EUR/NZD: Tactical long with target of 1.61 - Nomura
Analysts at Nomura expect European currency to continue outperforming over coming months and combined with their cautious NZD stance, prompts them to recommend a tactical long EUR/NZD position. They would look to buy EUR/NZD at current spot (1.5570) and target a move to 1.6190 (stop at 1.5250).
Key Quotes
“Over the course of the Northern Hemisphere summer, we believe the more hawkish stance of some of the global central banks’ could also pose short-term downside risks to higher beta commodity currencies via possible “risk-off” market reactions, particularly if inflation data start to accelerate and validate the hawkish rhetoric. Within the commoditybloc, we think the NZD is the most vulnerable to an adjustment. As we highlighted recently, the low level of market volatility has been one of the key supports to NZD, and a lot of positivity now looks to already be price in. Also, with our cross-market risk indicator having moved away from “risk seeking”, this part of the positive NZD narrative looks to be fading.”

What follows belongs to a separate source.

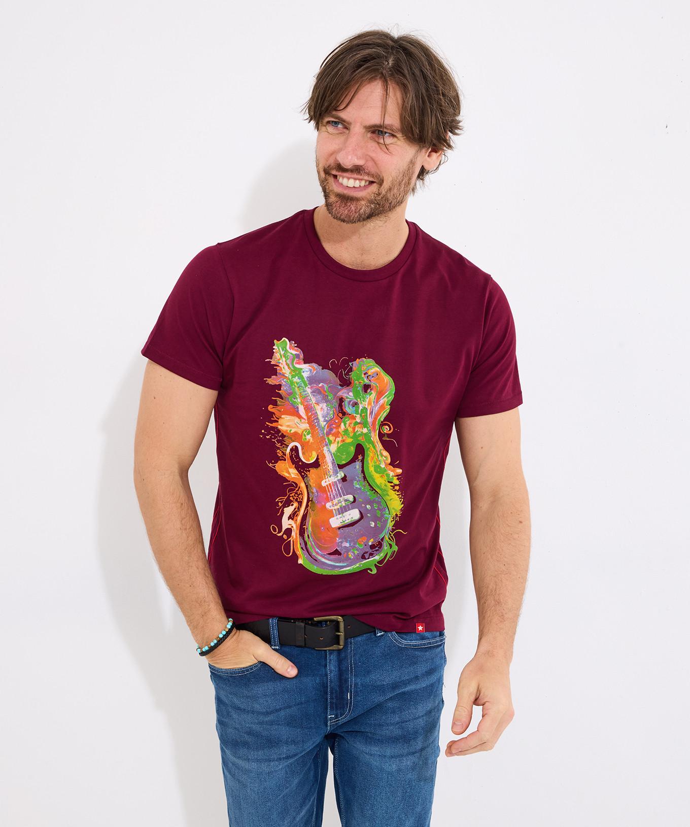 Ce T-shirt présente un imprimé graphique vibrant d'une guitare, ce qui en fait une pièce maîtresse pour toute garde-robe décontractée. Le design est accrocheur et ajoute une touche artistique.
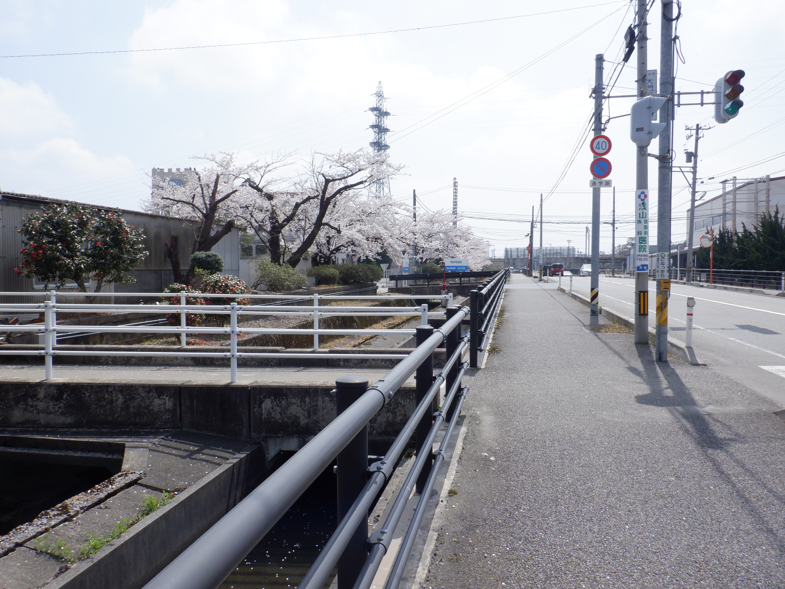 線路の下をくぐり、東洋紡の工場のまわりの桜を見ながら歩きます。

“Indeed, heightened focus on financial stability and the perceived low level of market risk premia look to be a part of the rationale behind the turn by central banks. The latest BIS’ annual report warned of the dangers of waiting too long to tighten policy while emphasising financial conditions and asset market valuations. Coincidentally, key Fed officials (Chair Yellen, Vice Chair Fischer and NY Fed Governor Dudley) noted financial market valuations appeared “rich” and/or aggregate financial conditions are easing despite the policy tightening already undertaken by the Fed. The threat to global liquidity from the changing central bank landscape points to potential asymmetric moves in measures of market volatility from current, historically low levels.”
“With Europe likely be near the epicentre of any hawkish central bank induced change in risk sentiment, EUR should trade strongly against NZD. Conversely, if the global central bank normalisation process runs smoothly and does not generate much market volatility, EUR should also outperform, as the ECB’s monetary policy regime shift comes through.”